De psychiatrie krijgt geen enkele subsidie van de staat. De meeste patiënten betalen zo'n vijf soles (iets meer dan een euro) per dag voor hun behandeling, sommigen kunnen zelfs niets betalen. Het geld komt voornamelijk van een overkoepelende liefdadigheidsinstelling (als ik het goed heb, heeft elke grote stad zo zijn eigen 'Beneficiencia'), die ondermeer een groot hotel in beheer heeft om haar verschillende projecten te kunnen bekostigen. Daarnaast werkt het centrum ook samen met een ziekenhuis. Voor elke patiënt die het ziekenhuis in het centrum kan plaatsen, krijgt het centrum een geldsom.

Het centrum is gevestigd in een oude gevangenis. Eigenlijk zouden ze zich graag in een ander gebouw vestigen, maar de overheid wil hier niet in tussenkomen. Met donaties trachten ze de gevangenis dan maar beetje per beetje op te lappen. Zo zullen mijn ouder verf schenken om de afgebladerde muren wat kleur te geven. Daarnaast is er nood aan stoelen, kledij, regendichte jassen, schoenen, ... Ondanks alle inspanningen van personeel en vrijwilligers blijven de leefomstandigheden - vooral in de gesloten afdeling - erbarmelijk.

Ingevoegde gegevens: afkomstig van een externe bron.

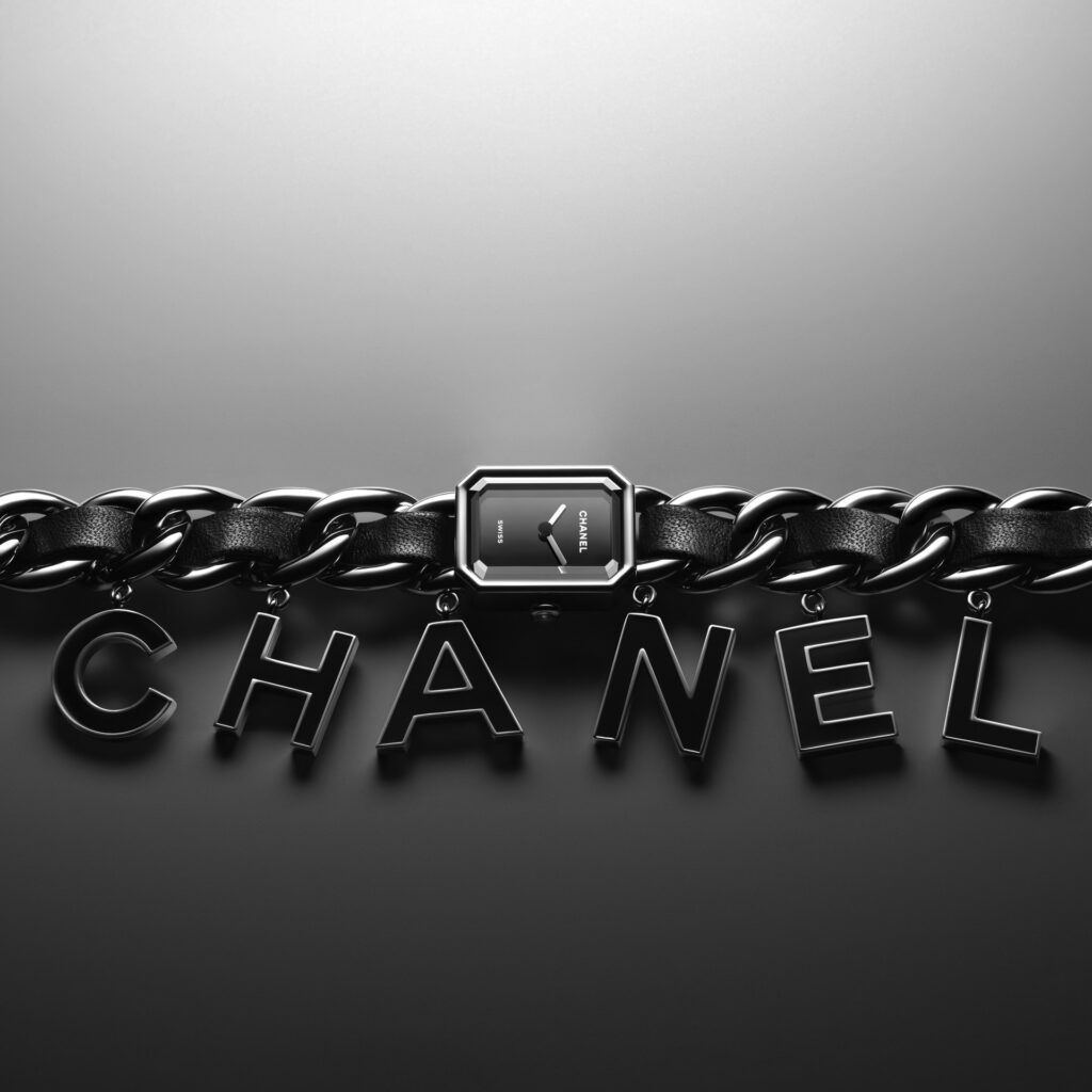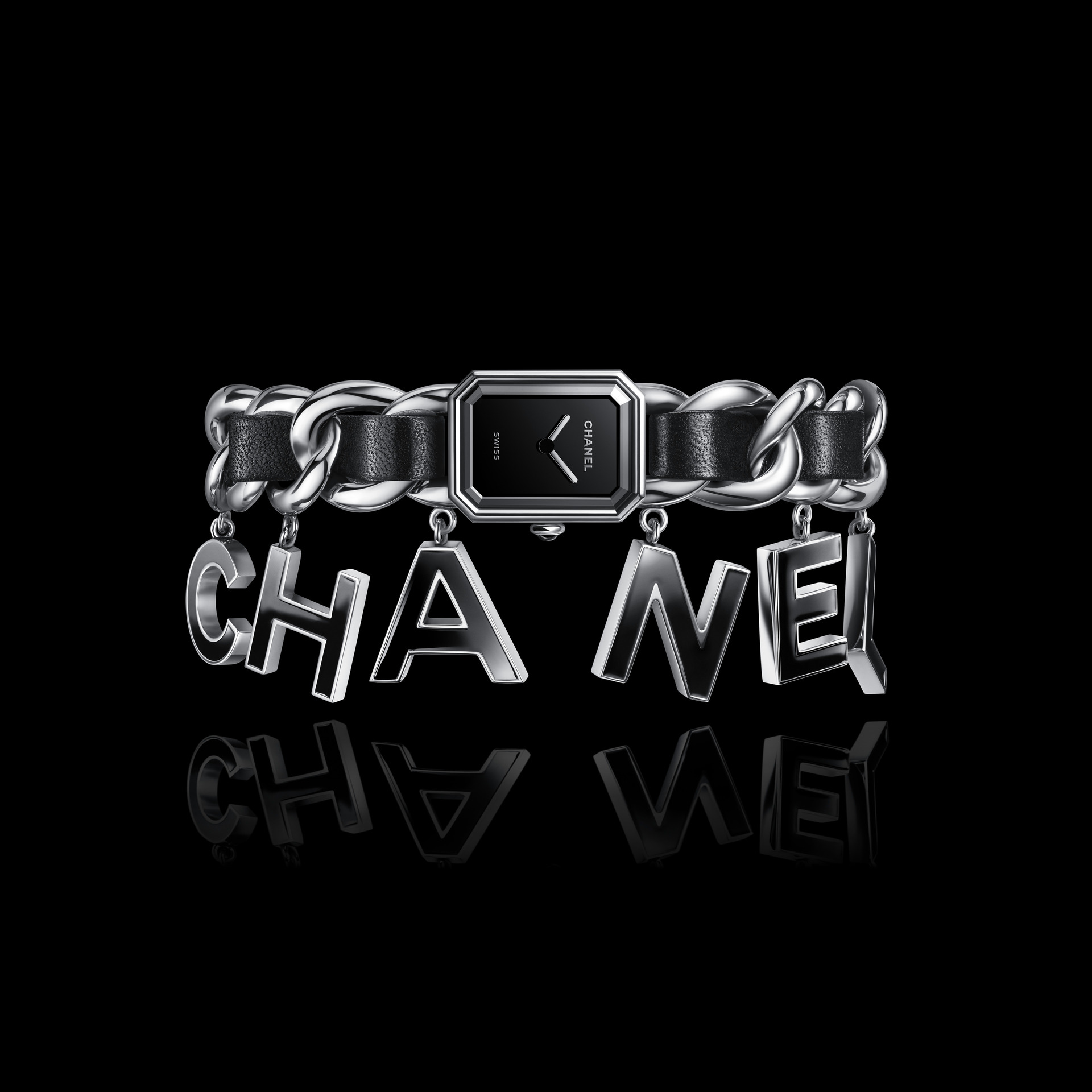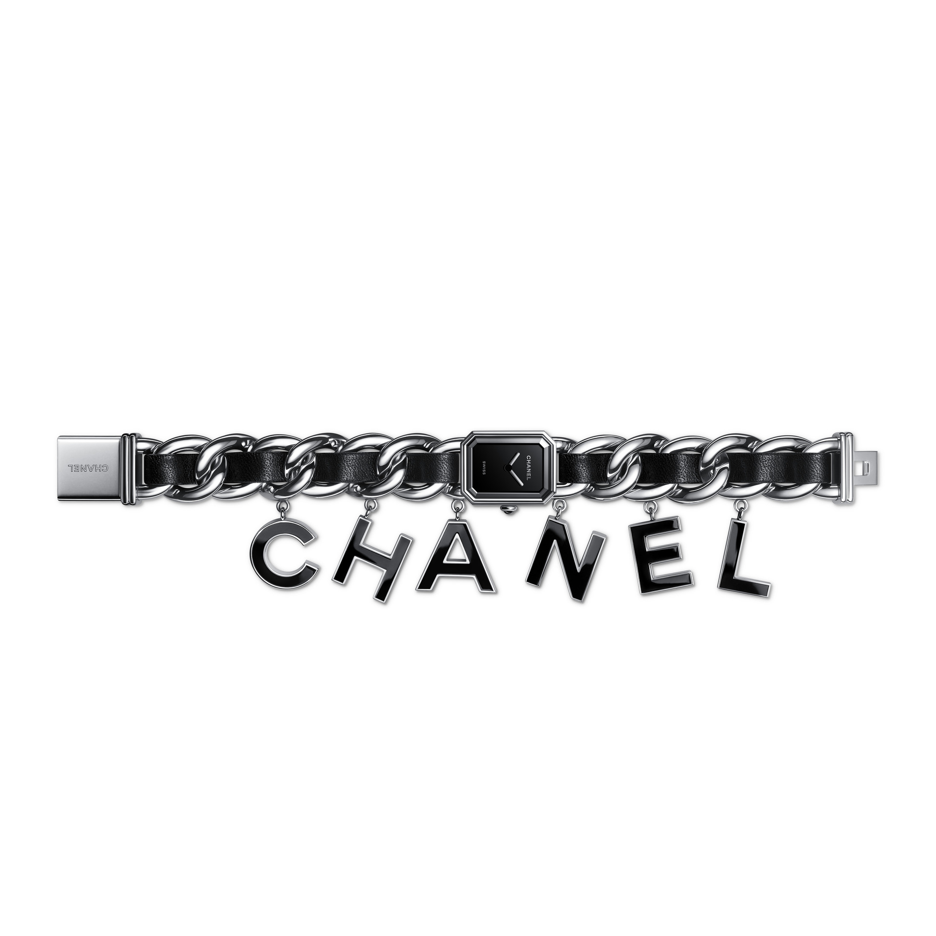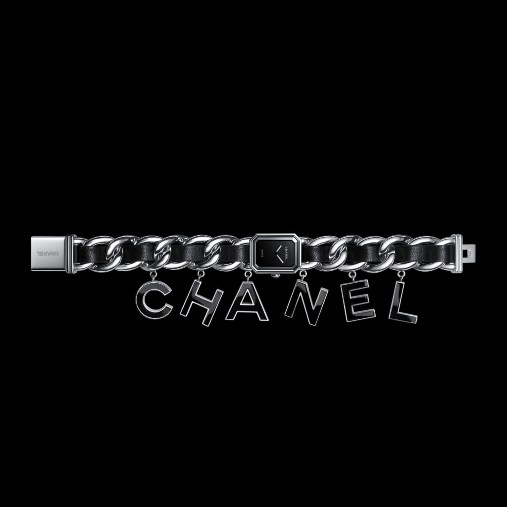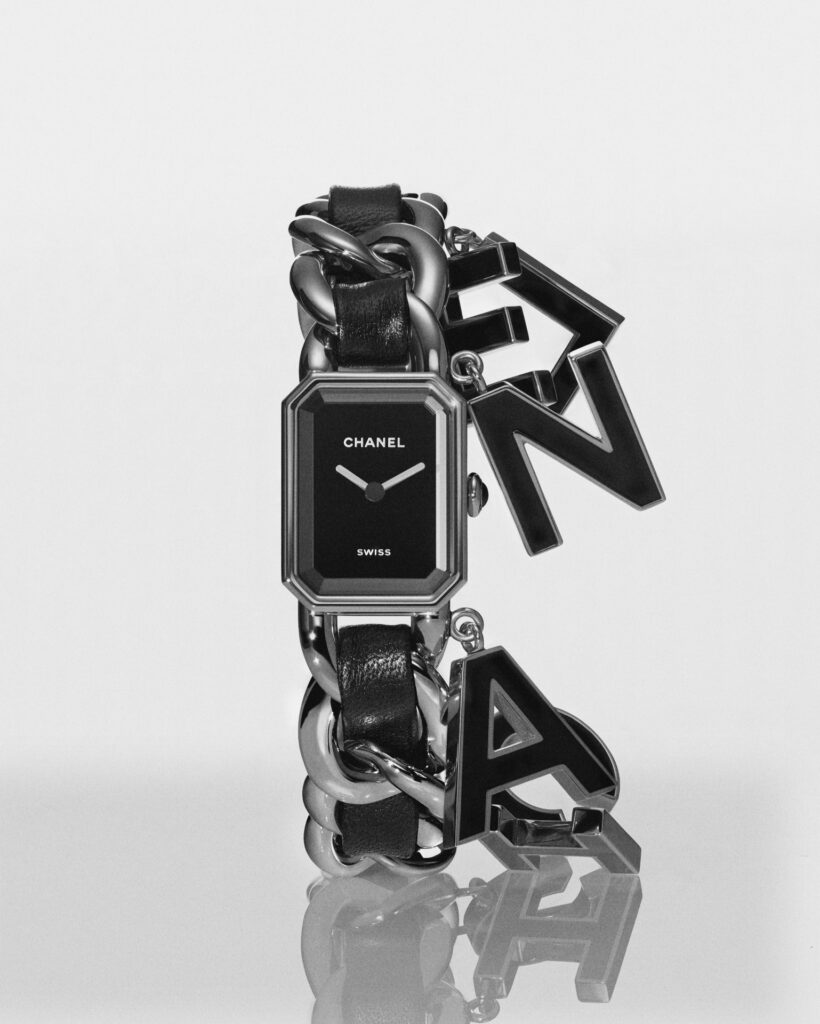 Suspendues à la chaîne gourmette de la montre Première, six pampilles lettres « CHANEL »
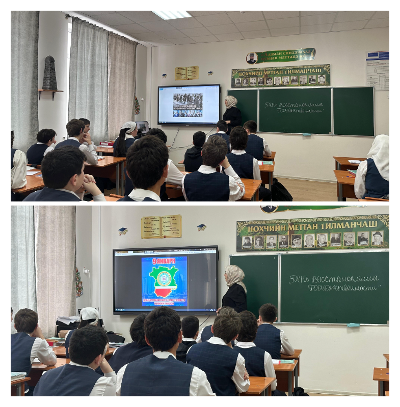 09.01.20269 января в Чеченской Республике отмечается День восстановления государственности чеченского народа, которое имеет особое историческое значение для всех чеченцев.Начало праздника Дня восстановления государственности чеченского народа было положена в 2010 году Указом Главы Чеченской Республики Рамзана Ахматовича Кадырова. И связи с этим Абдурзакова К.И. провела беседу с обучающимися 8-х классов.
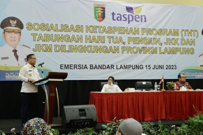Gubernur Lampung diwakili oleh Asisten Administrasi Umum Senen Mustakim membuka acara Sosialisasi Ketaspenan Program (THT) Tabungan Hari Tua, Pensiunan, JKK dan JKM dilingkungan Pemerintah Provinsi Lampung, bertempat di Hotel Emersia, Kamis (15/06/2023).

Mensen die geschokt waren door de reportages van weeskinderen in Roemenië, zouden ook door de omstandigheden hier hun ogen openen. Ik herinner me dat veel mensen na die reportages pleitten voor de sluiting voor die centra. Nu ik hier ben besef ik dat dit echter (in het geval van dit centrum) geen enkele zin heeft, het is immers de enige plaats in de ruime omgeving waar psychiatrische patiënten naar toe kunnen en de mensen die hier werken doen echt hun best om er iets van te maken. Er wordt - binnen de beperkte mogelijkheden die er zijn - schitterend werk geleverd.

Hoeveel verdient een gezin gemiddeld in de omgeving van Cusco?

Het maandloon van een Peruaan varieert sterk naargelang de sector waarin hij/zij werkt, van praktisch niets tot heel veel (in verhouding). Er is dan ook een grote kloof tussen arm en rijk. Je kan hier enorm veel erbarmelijke huizen tegenkomen, maar ook kastelen.

Wat er ook van zij, gemiddeld verdient een Peruaanse familie 500 soles (ongeveer 125 euro) per maand. Het is hallucinant om te zien welk aandeel hiervan naar voedsel gaat als je dit vergelijkt met België. Veel Peruanen gaan uit eten omdat dit gewoonweg veel goedkoper is dan zelf koken. Voor 2 a 3 soles (minder dan 1 euro) kan je een maaltijd met soep, hoofdgerecht en een drankje krijgen. Dit lijkt spotgoedkoop, maar voor een gezin met twee kinderen betekent dit 12 soles per dag. Neem nu zelfs nog 10 soles, dan is dit 300 soles per maand, meer dan de helft van het maandloon van de familie. Veel gezinnen kunnen zich dan ook enkel rijst met aardappelen veroorloven als ze zelf koken.
De huur van een klein huis buiten het centrum (voor 3 mensen, maar men leeft er met meer in) kost maandelijks 200 soles, zonder water, gas en elektriciteit. In het centrum spreekt men enkel in dollars.

Dus, na het betalen van het eten en het huis, blijft eigenlijk niets meer over voor vervoer, kledij, ... Het is dan ook niet verwonderlijk dat er zo veel kinderen moeten werken en zaken verkopen op straat of aanbieden om jou schoenen voor 1 sol te poetsen. Vaak zetten ze hun werk ook na middernacht voort.

donderdag 16 oktober 2008

Project

Deze week ben ik voorlopig slechts twee dagen op het project geweest omdat ik in bed heb gelegen met een serieuze keelontsteking. Maak jullie echter niet ongerust, vandaag sta ik opnieuw volledig op mijn benen.

Vandaag ging ik mee met een patiente die een rechtzaak lopen heeft met haar broer. Ze moest enkele zaken regelen voor haar rechtzaak. Ongelooflijk hoe vaak we van het kastje naar het muurtje werden gestuurd. Uiteindelijk kon de vijfde persoon ons verderhelpen - nu ja, ze moet volgende week terugkomen.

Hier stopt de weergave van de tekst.